Fund one invoice. Commit to nothing else.
Choose a single invoice — or a handful — to turn into cash, with no whole-ledger facility, no long contract and no minimum-fee tie-in. Flexible funding for exactly when you need it.
What is selective invoice finance?
Selective (or single-invoice) finance lets you raise cash against individual invoices you choose, rather than financing your entire sales ledger. You pick the invoice, draw most of its value up front, and pay a fee only on what you actually use. There’s no obligation to fund every invoice and no long-term commitment — it’s funding on your terms, when it suits you.
An on-demand facility that funds chosen invoices rather than the whole ledger. You receive up to 90% of a selected invoice’s value, with no whole-turnover commitment, no long tie-in, and a fee charged only on the invoices you fund.
Who it suits best.
Selective finance is built for businesses whose funding needs are occasional, targeted, or simply don’t warrant a full facility.
Seasonal or lumpy cash flow
Your funding needs come in peaks — a busy quarter, a big delivery — rather than evenly across the year.
One large contract
A single big invoice is tying up most of your cash, and funding just that one solves the problem.
Flexibility, not a contract
You don’t want to commit your whole ledger or sign a long facility — you want to dip in when you need to.
One slow-paying customer
Most of your customers pay on time, but one large account drags — so fund just their invoices.
Trying invoice finance out
You’d like a low-commitment way to see how invoice finance works before considering a full facility.
Occasional gaps
You’re usually fine for cash, but the odd timing gap would be smoothed by funding a specific invoice.

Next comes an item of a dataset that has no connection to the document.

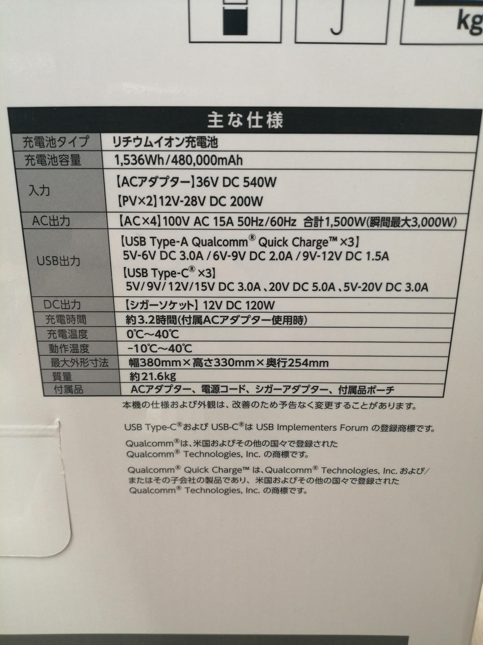 充電池容量 480,000mAh/1,536Wh |
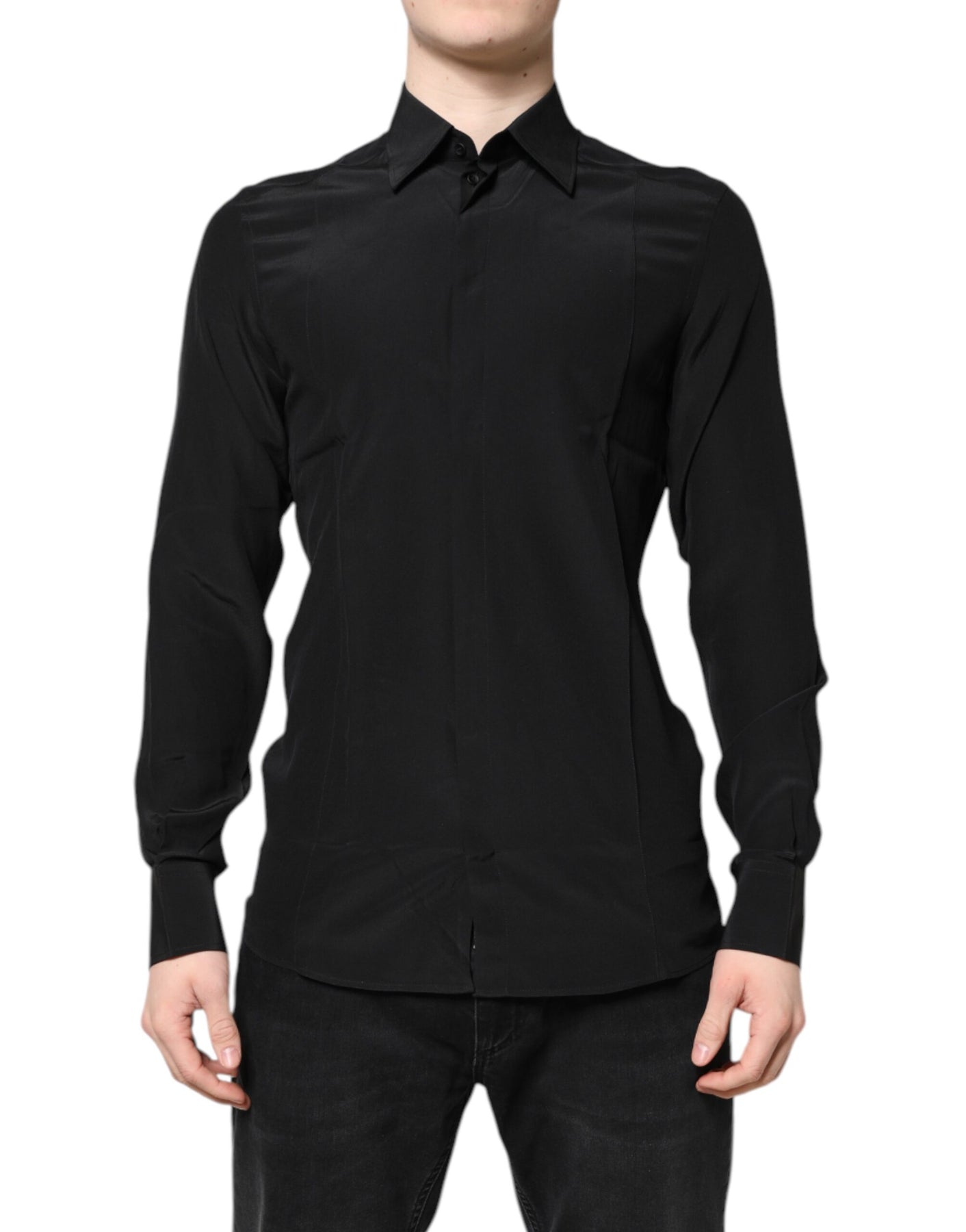Gorgeous brand new with tags 100% Authentic DOLCE & GABBANA GOLD silk dress shirt. The model has a classic neck, long sleeves and a button down closure.

What it does for your business.
All the speed of invoice finance, with none of the whole-ledger commitment — you stay in control of what you fund.
Total flexibility
Fund what you want, when you want — and leave the rest of your ledger untouched.
Pay only for what you use
No minimum fees on a whole ledger; costs stay proportional to the invoices you actually fund.
No long tie-in
There’s no lengthy contract and no obligation to keep using it — it’s there when you need it.
Fast cash when it counts
Up to 90% of a chosen invoice, advanced quickly to plug a specific gap.
Control over your ledger
Keep the rest of your invoicing exactly as it is — you decide which invoices to involve.
A simple way to start
A low-commitment route into invoice finance that you can scale up later if it suits you.